A meteorite is defined as any extraterrestrial solid mass that reaches the Earth's surface (Farris Lapidus, 1990). The term strictly extends from the nano scale e.g. dust particles, through to the macro scale e.g. 100s of metres in diameter (Zanda and Rotaru, 2001). However, the term meteorite is generally reserved for the larger particles that reach the Earth's surface.

A meteorite crater is the expression left on the Earth's surface following the impact of a meteorite. The formation of a meteorite impact crater can be divided into three main stages: 1) contact and compression, 2) excavation and 3) modification (Kenkman, 2002). Impact craters are categorised into three different types: simple, complex and multiring basins, which are generated following the collapse of an unstable transient, or initial, crater (Melosh, 1989). In general it is the size of the crater that determines its morphology, but there are some environmental factors that can also be of influence e.g. if the impact is sub-aerial or sub-marine. If the impact occurs in deep water (deeper than 1km) then the craters tend to be concentric and often lack melt sheets and rim walls but have deposits and radial gulleys formed by resurge of the sea (Ormö and Lindström, 2000). The size of the crater is intimately related to the size, speed and angle at which the meteorite collides with the Earth (Melosh, 1989).

Simple Craters

Simple craters (Figure 1 - top) are the smallest of the three crater types and range from 0 - 20km in diameter.

Figure 1: Differences in formation of a simple crater and a complex crater. The central peak of the complex crater is formed as a result of uplift of material stratigraphically beneath the crater, which rebounds in response to compression caused by the impact. From Melosh (1989)

They are characterised by a simple bowl shape similar to that of the transient crater suggesting minor gravitational collapse following impact. Simple craters generally have depth / diameter ratios of between 1/5 (0.2) and 1/3 (0.33) (Melosh, 1989). One example of a simple crater is the Barringer Crater, Arizona (Figure 2), which is 1.186km in diameter today.

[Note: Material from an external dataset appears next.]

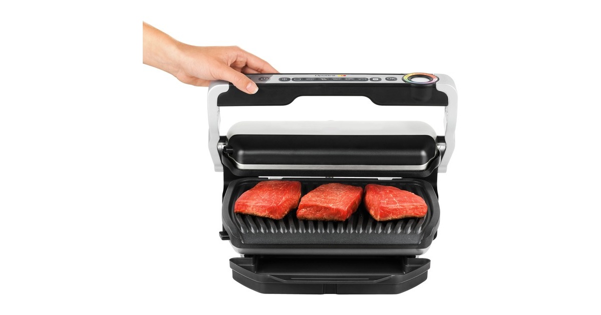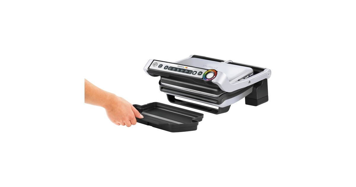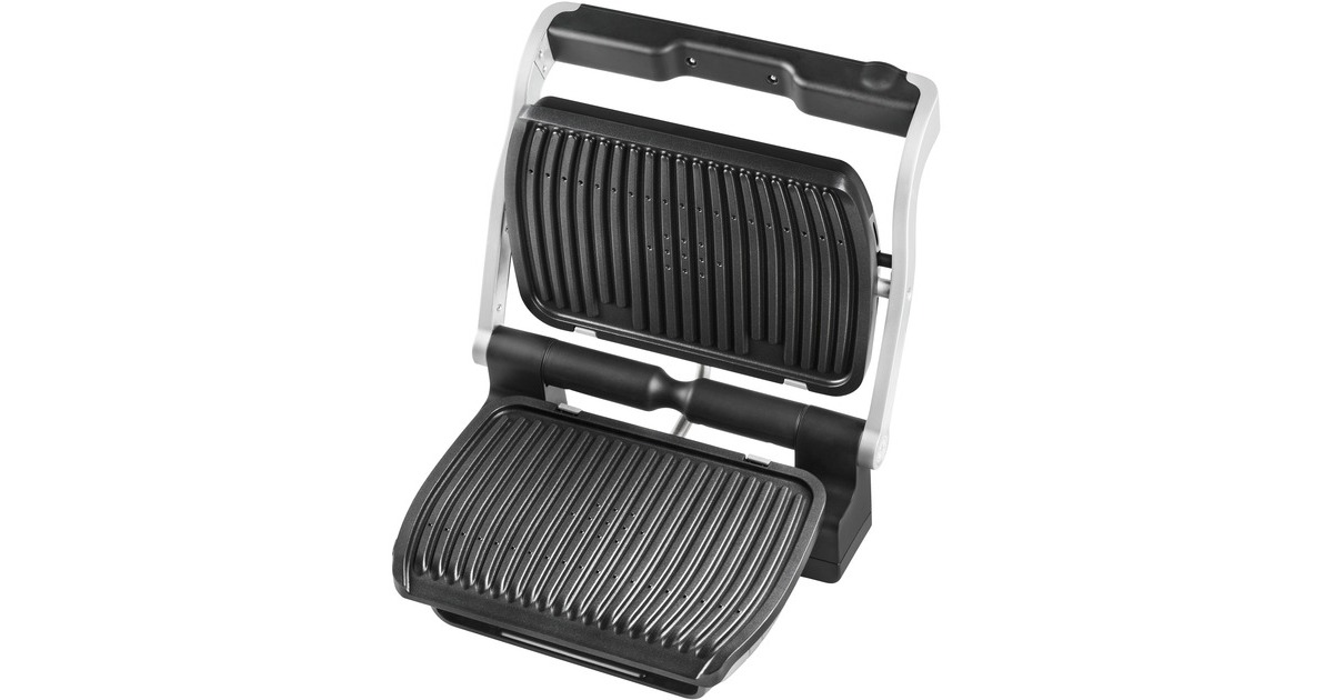 Der Tefal Kontaktgrill Optigrill GC750D wird mit seiner Leistung von 2.000 Watt sehr schnell heiß und kommt auch mit größeren Mengen Grillguts zurecht. Mit dem raschen Garen von beiden Seiten spart der Kontaktgrill Zeit. Er hat eine automatische Anpassung der Grilltemperatur und Grillzyklen je nach Dicke und Art des Grillguts. Das neue Display mit intuitivem Grillassistenten führt Schritt für Schritt durch ein perfektes Grillerlebnis: Man weiß genau, wann man das Fleisch auflegen und entfernen muss, egal ob es lieber blutig, medium oder durchgebraten sein soll. Außerdem kann man mit dem OptiGrill perfekt anbraten, dank der neuen Grillboost-Funktion, genau wie mit einem Restaurant-Grill. Sechs automatische Programme bieten Tag für Tag endlose Möglichkeiten. Der elektrische Kontaktgrill Optigrill GC750D grillt nicht nur Fleisch, sondern auch köstliches Hähnchen, Fisch, Gemüse und mehr. Gleichzeitig verwandelt das optional erhältliche "Snacking & Baking"-Zubehör den Grill für die Zubereitung von unterschiedlichen süßen und herzhaften Gerichten, wie Pizzas, Kuchen und Pasteten. Außerdem gibt es noch zwei zusätzliche Programme: einen Modus zum Auftauen von Gefriergut und einen manuellen Modus, damit man die verschiedensten Lebensmittel genau nach eigenem Geschmack zubereiten kann.Art.-Nr.: 1731940

Figure 2: The Barringer crater formed 50,000 years ago following the impact of a meteorite. It is a simple crater 1.186km in diameter. From Earth Impact Database (2003)

Complex Craters

The formation of complex craters (Figure 1 - bottom) arises as a result of large-scale gravitational collapse of the transient crater (O'Keefe and Ahrens, 1999) and, as such, complex craters are commonly larger than simple craters. The transition from simple to complex craters on Earth can occur in craters as small as 5km in diameter (Kenkman, 2002). Complex craters are characterised by the presence of such features as central peaks, terraced walls and flat floors (Melosh, 1989). The most complicated complex crater structure is a peak ring crater (Figure 3) whereby a series of rings develop within the original crater rim. This occurs in the larger complex craters where the central peak collapses and creates a peak ring before the motion stops (Melosh, 1989).

Figure 3: Formation of complex and peak ring craters. Peak ring craters are the more complex form and occur as larger (greater than 50km) complex craters. From Melosh (1989)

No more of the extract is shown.